Given this early indicator of a risk and the eventual outcome, the obvious question is why the development of torcetrapib was pursued, rather than that of follow-up compounds that did not increase blood pressure. In this case, it seems (see page 163) that commercial pressures to replace the vast loss of revenue resulting from the imminent expiration of patent protection for Pfizer's atorvastatin (Lipitor) — which has had annual sales exceeding $10 billion — were a major influence in the decision to progress with torcetrapib, rather than delay and select a follow-up compound. So, with the benefit of hindsight, the case of torcetrapib could provide a strong example of the substantially increased risk of failure when commercial influences outweigh science in R&D decision-making.

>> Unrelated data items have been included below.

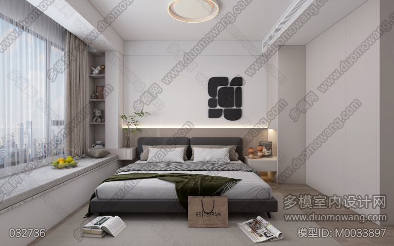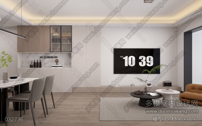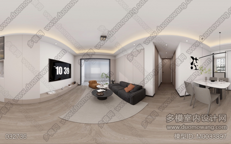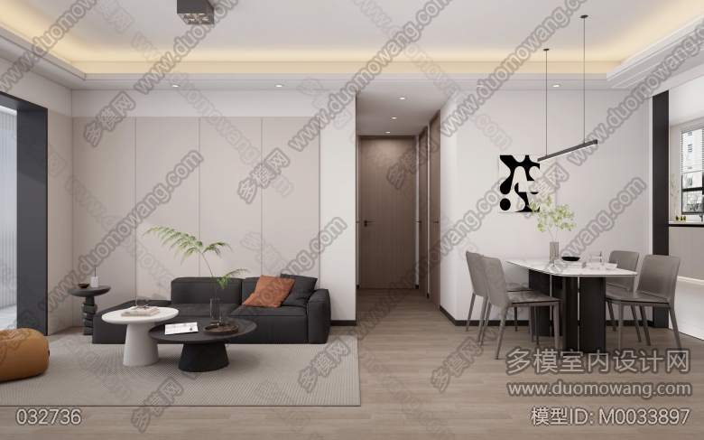 美的上城壹号106室现代客餐厅卧室1个全景2个单张 ID:M0033897
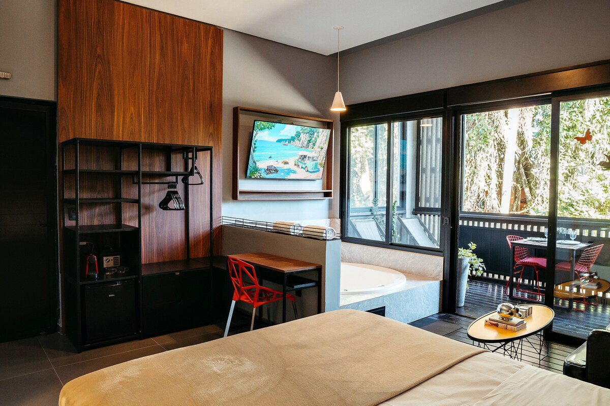 Disfrute del refugio EXCLUSIVO Y PRIVADO con jacuzzi caliente, en medio de un bosque con espectaculares VISTAS del atardecer en Lagoa Encantada. Las suites cuentan con aire acondicionado, TV y Wi-Fi de 600 MB Ofuro caliente y con hidromasaje. Quiosco Espacio Gourmet completo. Hay dos suites, una con una cama doble y la otra con dos camas dobles, no se alquilan por separado. Cerca de la playa y del centro. Acceso a la playa por sendero o escalera exclusiva, un hermoso ejercicio para el cuerpo y el alma.
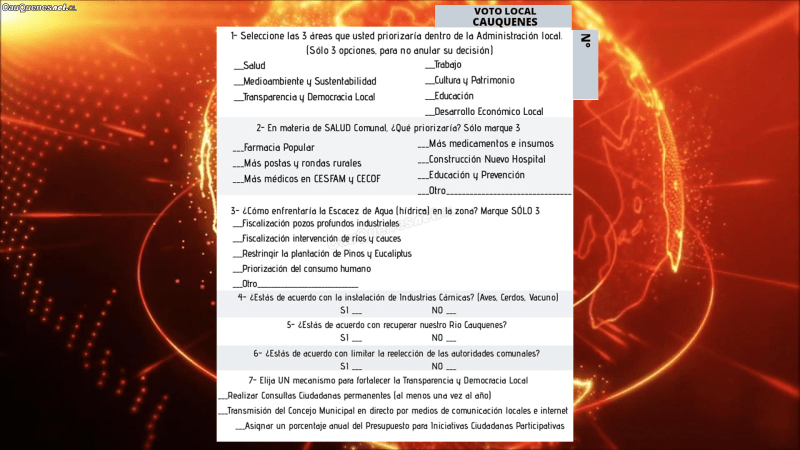 Mientras que la tercera papeleta es el Voto Local, aquí las personas que participen del proceso podrán opinar referente a temáticas que atañan a la comuna de Cauquenes. Esta cédula consta de siete (7) preguntas, en cuyos enunciados se dan las indicaciones para responder correctamente.
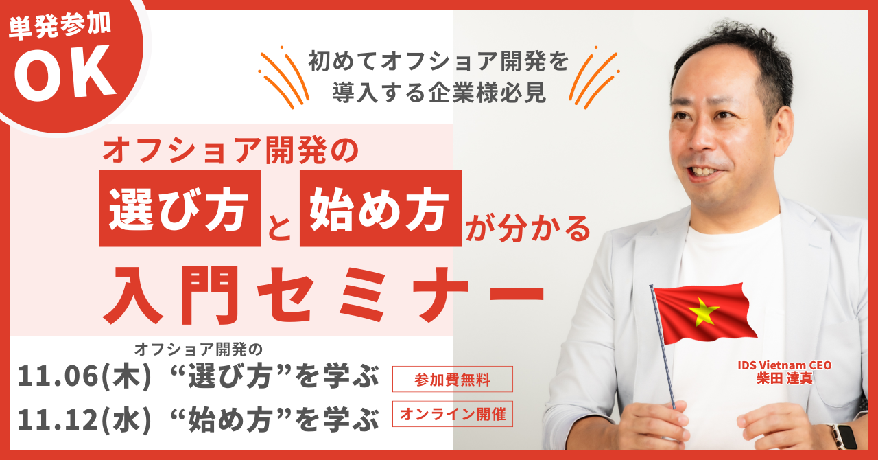 【11月無料セミナー】『全2回:オフショア開発の企業選びと始め方が分かる入門セミナー』を11月6日(木)、11月12日(水)に開催
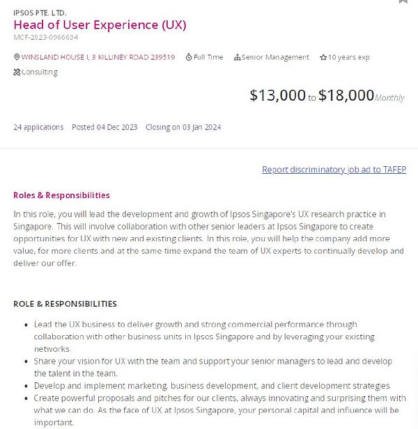 Applied for Head of User Experience (UX) for IPSOS PTE. LTD. - www.mycareersfuture.gov.sg/jo… #outsprint
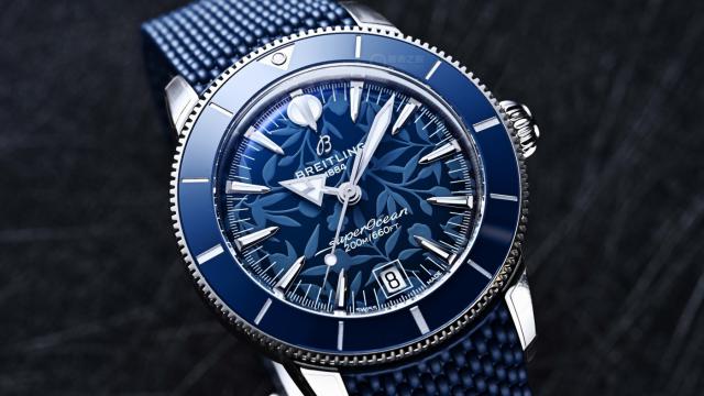 这款40毫米腕表采用深邃蓝色表盘,饰有热带树冠枝叶图案,精钢单向棘轮式旋转表圈搭配同色深蓝色陶瓷嵌件,尺寸贴合多数佩戴者需求。
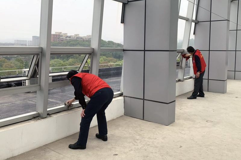 随后,党员志愿者们分工明确,按照各支部的责任区域,拿着抹布、报纸等工具,对行政楼内扶手、窗台、消防设施、及宣传栏窗等进行清洁整理。经过一下午的辛勤劳动,行政楼内窗明几净,环境更加整洁。
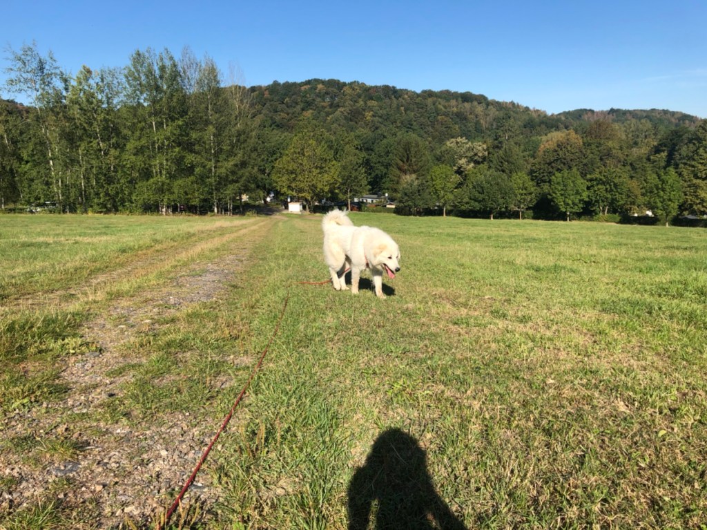 Dann ist erstmal meine große Menschenschwester gekommen. Das ist schon immer mal ein gutes Zeichen. Mein großer Mensch braucht immer länger. Aber dann ist er auch da gewesen. Und dann ging es los. Wir sind durch die Siedlung gelaufen und dann weiter zur Frau Dobermann. Die hat natürlich gesprochen. Wie immer. Das kenne ich schon. Dann sind wir weiter zum großen Fluß mit dem komischen Namen und dann zur Wiese. Die war noch ganz naß. Über die Wiese sind wir zum Wald und dann an der alten Fuchsfarm vorbei zu meinem kleinen Bächlein. Dort habe ich getrunken und da kam dann ein kleiner Hund. Ich war aber ganz lieb. Der kleine Hund auch. Und hinterher kam dann auch gleich noch meine Freundin, die schwarze Schäferhündin. Dann sind wir auch weiter den Berg hoch durch den Wald. Und auf der Hälfte vom Berg hat mein großer Mensch gemerkt, das seine Uhr weg ist. Da mußte er nochmal den ganzen Weg zurück um die Uhr zu suchen. Ich bin bei meiner großen Menschenschwester geblieben. Ich habe keine Uhr, die ich verlieren kann.

It could also be illuminating to understand the extent to which such influences might have played a role in more recent Phase III failures, such as those of several oncology compounds (see page 165). Interestingly, a recent analysis2 reported that the current failure rate at the Phase III or regulatory submission stage is 50%, and of the 83 failures at this stage between 2007 and 2010, 28% occurred in the field of oncology. Given that oncology has been one of the most active areas of R&D in the past few years, this is perhaps not surprising. However, questions are increasingly being asked about a range of issues related to oncology trials, such as whether the designs, even if successful, are well suited to demonstrate genuinely meaningful benefits3. Of even greater concern is the possibility that for some companies — particularly those whose value is entirely based on products in development — commercial incentives could encourage poor decisions to pursue the development of compounds that only generate weak evidence of effectiveness at Phase II and have an even higher risk than typical of failure at Phase III4. Such decisions not only ill serve the patients involved in the particular trials and the investors in the company, but also harm oncology drug development and the long-term willingness for investment in pharmaceutical R&D in general.

Overall, given the increasing appreciation of the complexity of human disease and the associated uncertainty about how best to intervene therapeutically in any given setting, pharmaceutical R&D will remain a risky endeavour. If it is also to remain a sound investment, the evidence is growing that sound science must play a stronger role in the decisions to take these risks.